From June 1986 through October 1989, 17 OCT were performed in 16 patients. Fourteen had variants of hypoplastic left heart syndrome, 1 had anomalous origin of the left coronary artery. One patient with severe endocardia! fibroelastosis had extracorporeal membrane oxygenation as a bridge to transplantation. Immunosuppression included Cyclosporine, Im-uran and corticosteroids with an effort to wean the steroids by 6 months to 2 years.

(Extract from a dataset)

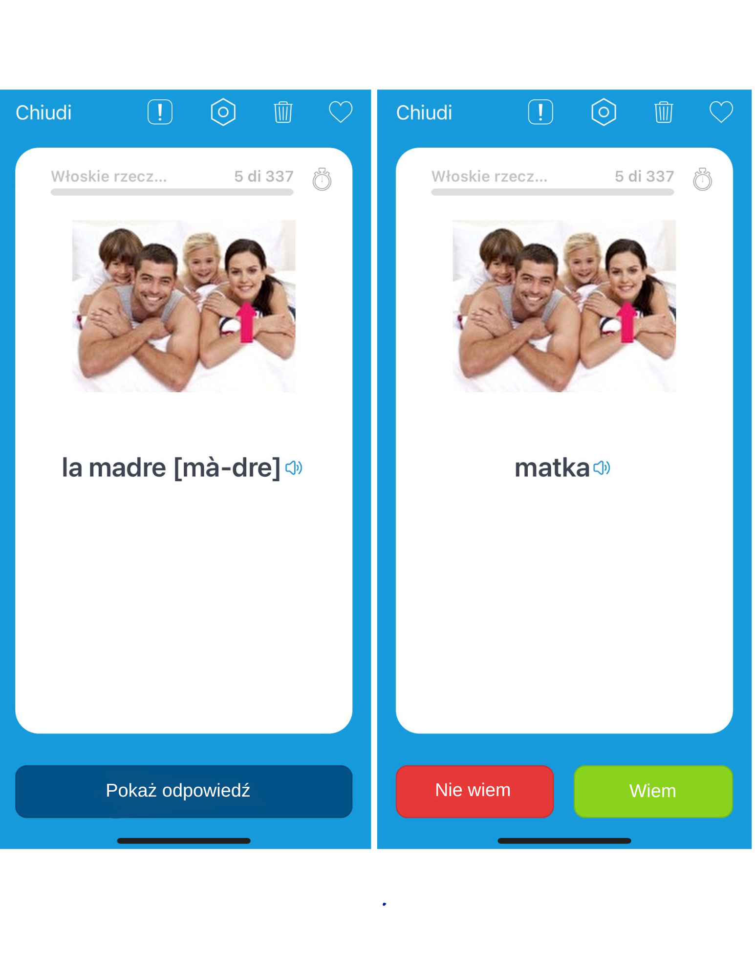 - linki do fiszek online, dostępnych na telefonie i laptopie (Android oraz iOS). Tłumaczenie polski -> włoski, a także włoski -> polski (zdj. 4),

Three early deaths resulted from technical errors in 2, and rejection in 1 patient at 3 days. Technical refinements to decrease the ischemic time have improved operative results. Two late deaths occurred, one at 2 months from rejection and one unexplained at 14 months. The remaining 11 patients are surviving 5 to 40 months (mean 14 months) after 12 transplants. Rejection surveillance in the first 6 months continues by clinical signs supplemented by echocardiography, EKG, and cell cycle analysis; endomyocardial biopsy is used after 6 months of age. Twelve episodes of suspected rejection in 8 patients were treated with I.V. Solumedrol in all and OKT3 rescue therapy in 2. One patient underwent successful retransplantation at 15 months for chronic rejection. Serious post-transplant infections including endocarditis, meningitis, and colonic perforation were successfully treated in 3 patients. Subjectively, their quality of life is excellent as documented by normal growth and developmental milestones and a low hospital readmission rate (< 2 episodes per patient per year).

These encouraging intermediate term results warrant continued application of infant OCT for severe forms of congenital heart disease.